DATA RECORDS START

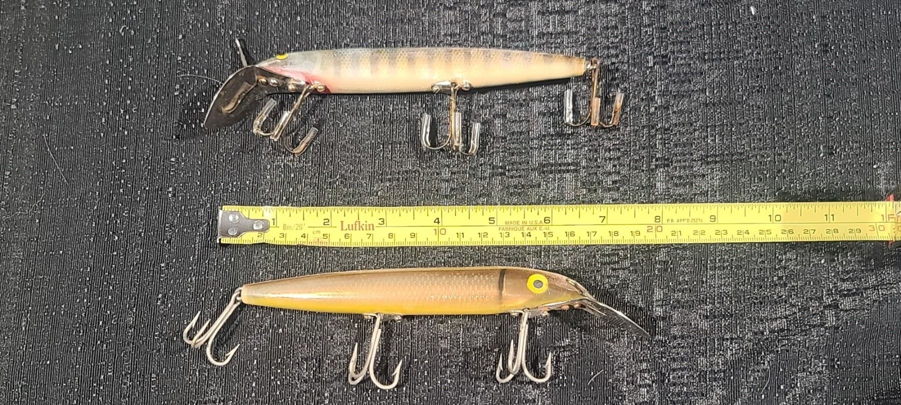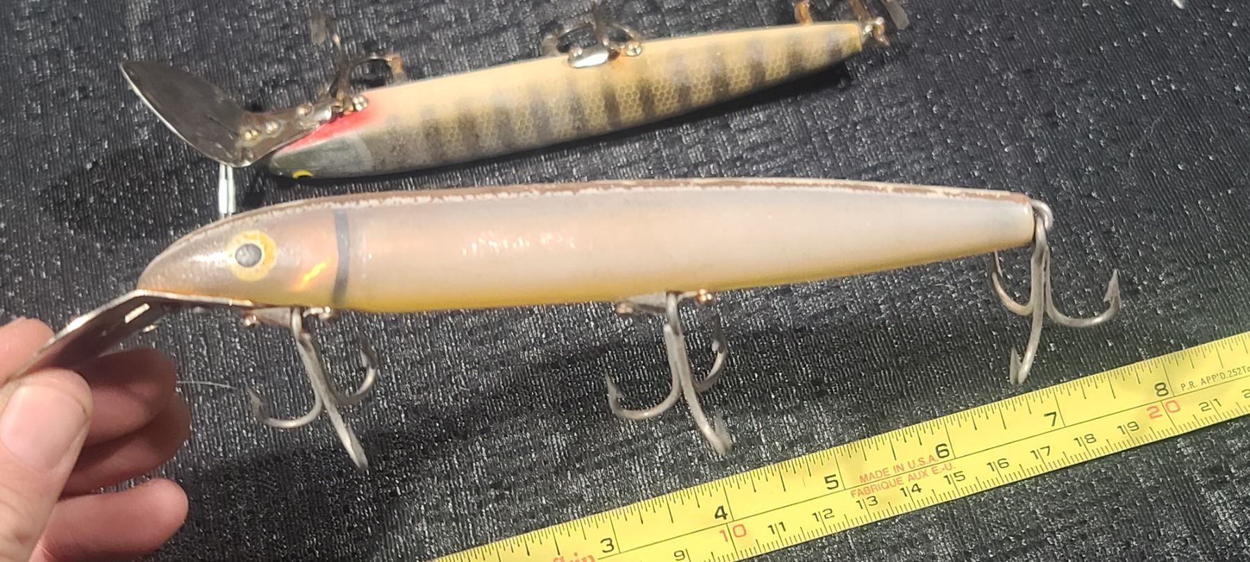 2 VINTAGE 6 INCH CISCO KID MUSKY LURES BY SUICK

DATA RECORDS END
DATA RECORDS START

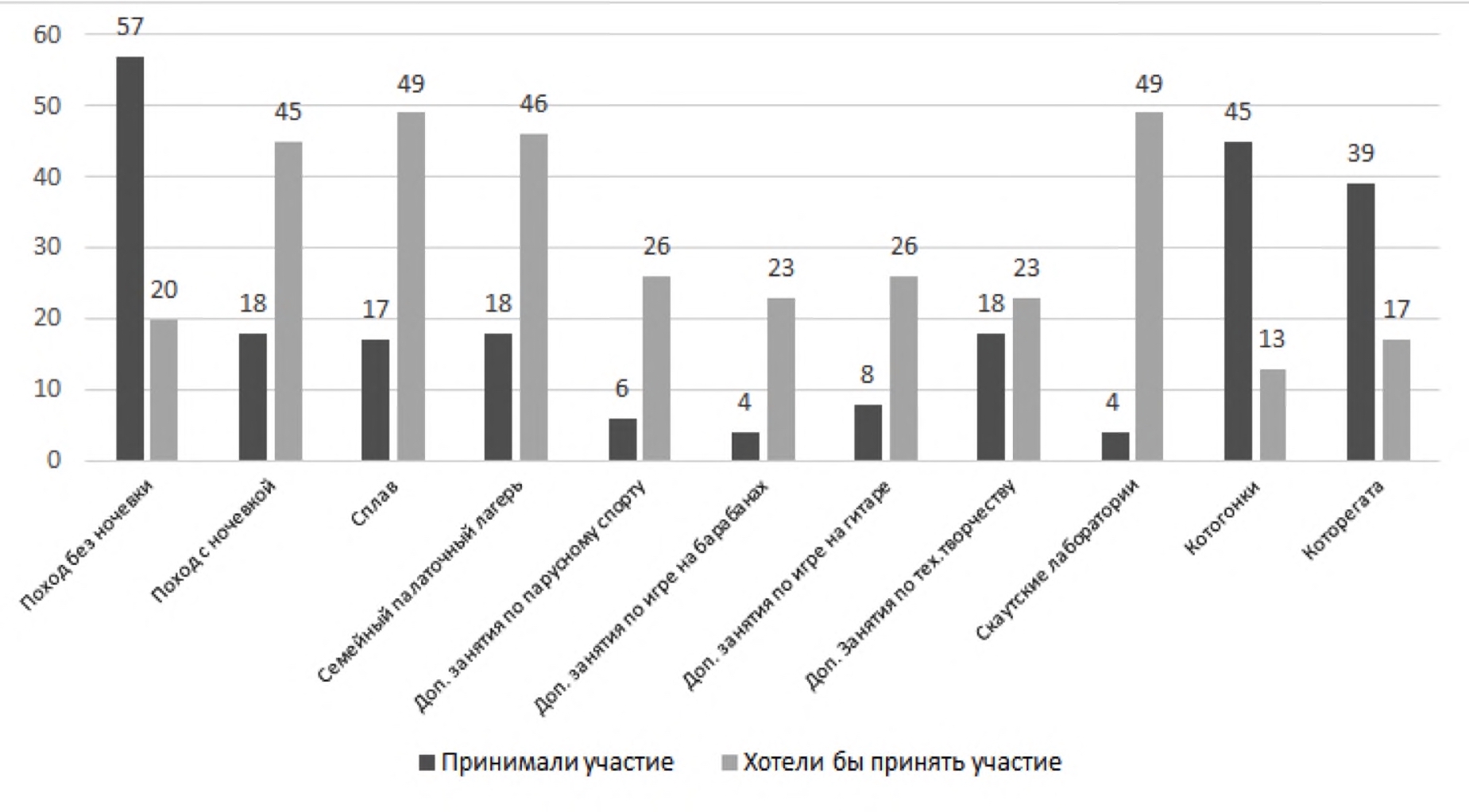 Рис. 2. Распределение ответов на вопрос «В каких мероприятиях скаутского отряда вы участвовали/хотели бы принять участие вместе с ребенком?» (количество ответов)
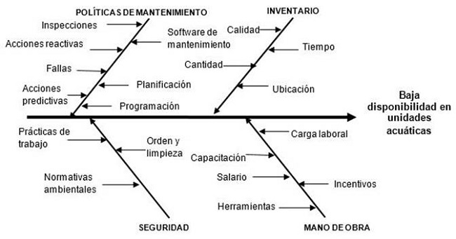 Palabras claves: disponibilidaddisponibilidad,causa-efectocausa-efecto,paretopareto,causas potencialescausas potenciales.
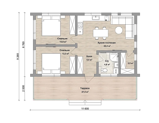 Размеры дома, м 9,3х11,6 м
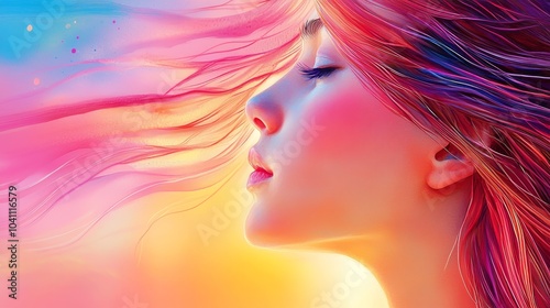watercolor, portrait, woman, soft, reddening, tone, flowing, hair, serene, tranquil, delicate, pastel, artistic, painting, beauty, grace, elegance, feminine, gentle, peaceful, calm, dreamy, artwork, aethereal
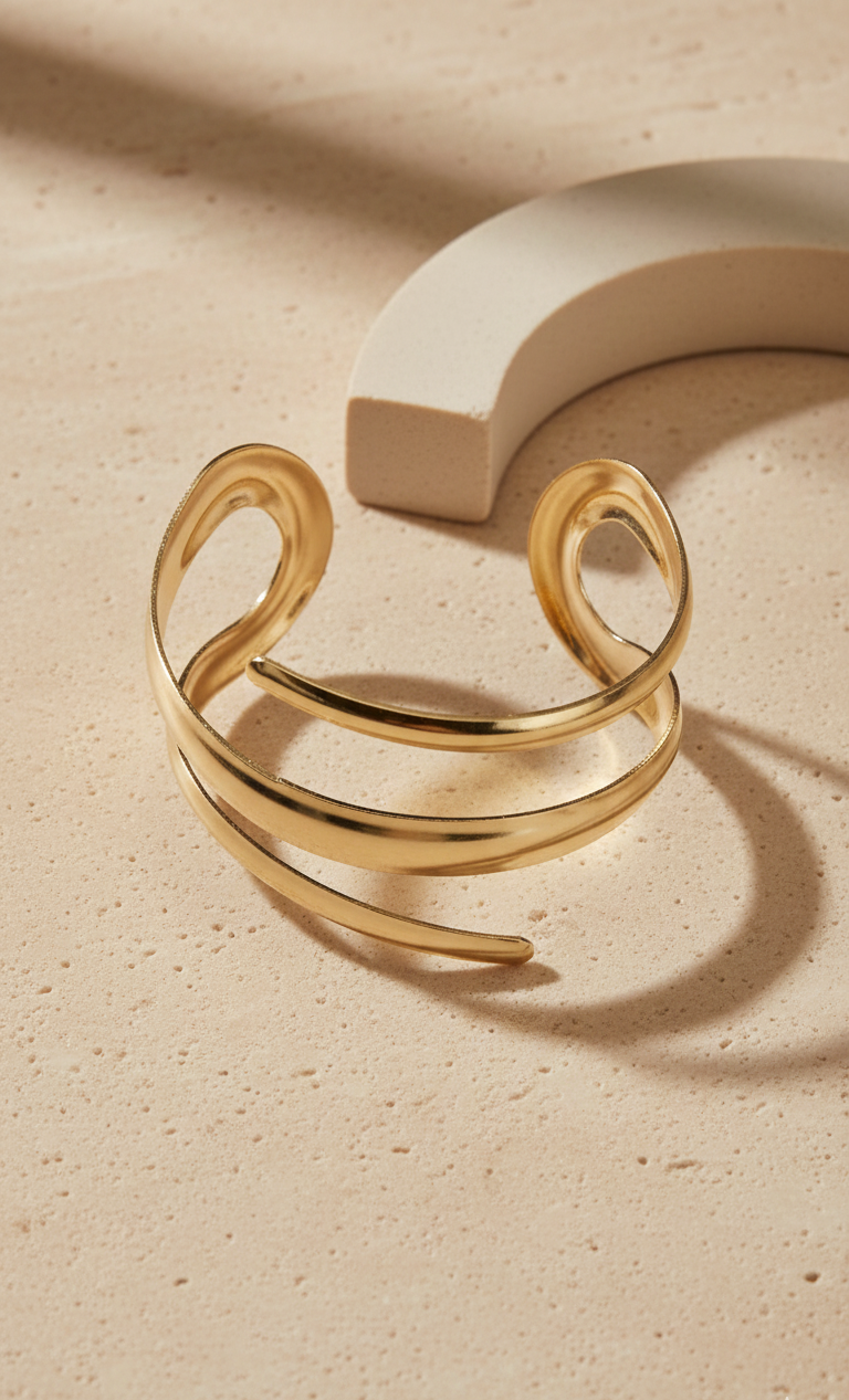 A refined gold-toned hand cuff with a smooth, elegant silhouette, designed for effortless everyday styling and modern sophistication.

DATA RECORDS END
DATA RECORDS START

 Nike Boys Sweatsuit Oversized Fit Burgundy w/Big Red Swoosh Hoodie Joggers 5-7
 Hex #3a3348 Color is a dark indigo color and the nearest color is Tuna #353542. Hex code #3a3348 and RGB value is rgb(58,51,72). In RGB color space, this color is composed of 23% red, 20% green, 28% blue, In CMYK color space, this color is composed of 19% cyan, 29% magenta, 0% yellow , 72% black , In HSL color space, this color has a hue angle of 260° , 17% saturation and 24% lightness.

DATA RECORDS END

◆ DIRECTIONS FOR THIS TASK
Return only the stretch above from the line containing "Размеры дома, м 9,3х11,6 м" through the line containing "A refined gold-toned", word for word and without pictures.

◆ REPLY
 Размеры дома, м 9,3х11,6 м
watercolor, portrait, woman, soft, reddening, tone, flowing, hair, serene, tranquil, delicate, pastel, artistic, painting, beauty, grace, elegance, feminine, gentle, peaceful, calm, dreamy, artwork, aethereal
 A refined gold-toned hand cuff with a smooth, elegant silhouette, designed for effortless everyday styling and modern sophistication.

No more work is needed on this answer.